I ought to be incredibly happy today, the wiring project that has meant the floor of my studio was torn up will be finished today, and all my new lights are being installed, I will get my working space restored to me this week, but it is hard to feel triumphant when people are dying in Gaza. I was lucky enough to visit Israel in my teens, and I am saddened by the cycle of violence and retribution that grips that part of the world. It seems so pointless, all this macho posturing and chest beating, all it will achieve is more dead children, more upheaval, less certainty and normalcy in their little lives, It makes me sick.
OK, getting down from my soap box, I hope you stayed with me, back to something less serious in the grand scheme of things, art making. When I started this blog I hoped to share my process with all you out there, so in that vein, here’s what I worked on yesterday, and where the ideas began…
I think I mentioned that I went fabric shopping with C earlier in the break, while we were in the store we picked up a new magazine called Stitch, which is very cool if you are interested in sewing in any way, but why its important is that I saw this project in there for this fabulous scarf
it is so beautiful, I want to make one! But when I was looking through my research the other day from my masters I came across an image of a wallpaper design by Candace Wheeler, which was in my post the other day, for some reason, the two seemed related, and I wondered, could you use this process to make a paper version of this idea, that would look like candace’s wallpaper designs, so I thought I would try a trial, and the short answer is YES! and here it is….
Of course this has made me think of tons of other things I could do now, so off to the studio I go!!!
really cool, good for you for the new project.
i know….sometimes the world stuff can make it
hard to think anything matters but we have to keep
trudging alone one person at a time dont we.
why anyone would kill another for feigned ‘control’ is
so beyond me i can’t stand it.
anyhow…enjoy your world, it looks much healthier!
Thanks Paula, I hope your world is looking healthier too?
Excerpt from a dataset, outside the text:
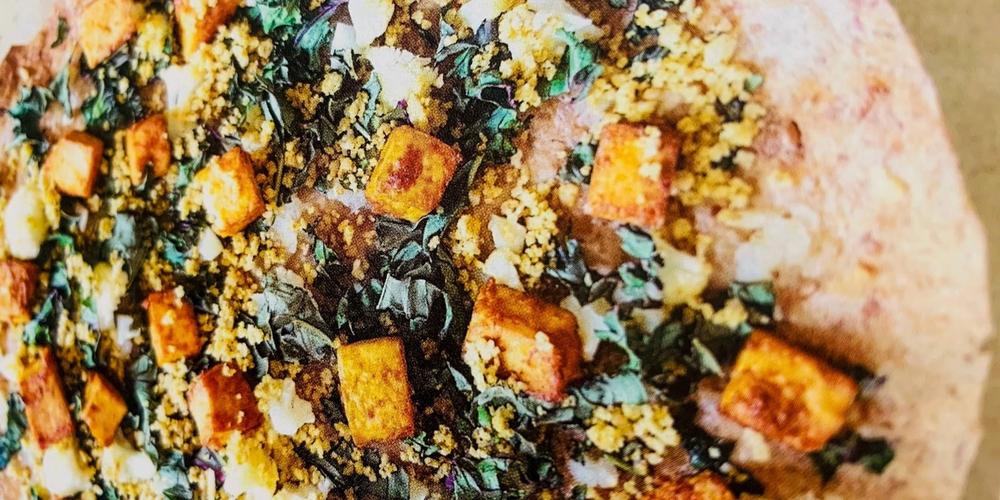 1 lb. mushrooms, your favorite 7 oz. extra firm tofu 3 tsp olive oil 4 tsp hot sauce, your favorite 1 tsp nutritional yeast 2 whole grain or sprouted tortillas 3 cloves of garlic, minced ¾ cups cauliflower ¾ cup kale, chopped into strips ¼ cup basil 1 cup cheese, your choice of vegan, plant-based, or regular (dairy) cheese Red Pepper Flakes

Today I start cleaning and getting the studio reorganized so I can work in there again! Yipee!!!
The question of world issues vs. personal matters, or the world as it relates to the individual’s personal and physical life, is one I think about all the time. In recent years I have come to feel like I need to ‘put my own house in order’ in terms of how I relate to other people, exert power and control in my own life, and follow through on my projects and commitments… this is important on an individual level… but will trying to be the best and strongest person you can be have an effect on the wider world? maybe by outwardly-spreading echoes, you affect somebody near to you, they affect someone else… I don’t know.
Deb, I am working on a letter to you, it is taking me a while, I’m sorry!
Jean, I’m sure the letter will be worth the wait, you say such thoughtful things anyway! I do believe our own actions are important, and I TRY really hard to back away from power and judgment, its hard, I have to really maintain a conscious awareness of those acts. I am a really driven person, pretty type A so its hard for me to relinquish even the illusion of being in control and in charge.
In addition I often stop right before the end of a project, I think this is common in artists, I think I am afraid of the end, and of what will come next, and I do have a tendency to be drawn to insanely labor intensive work!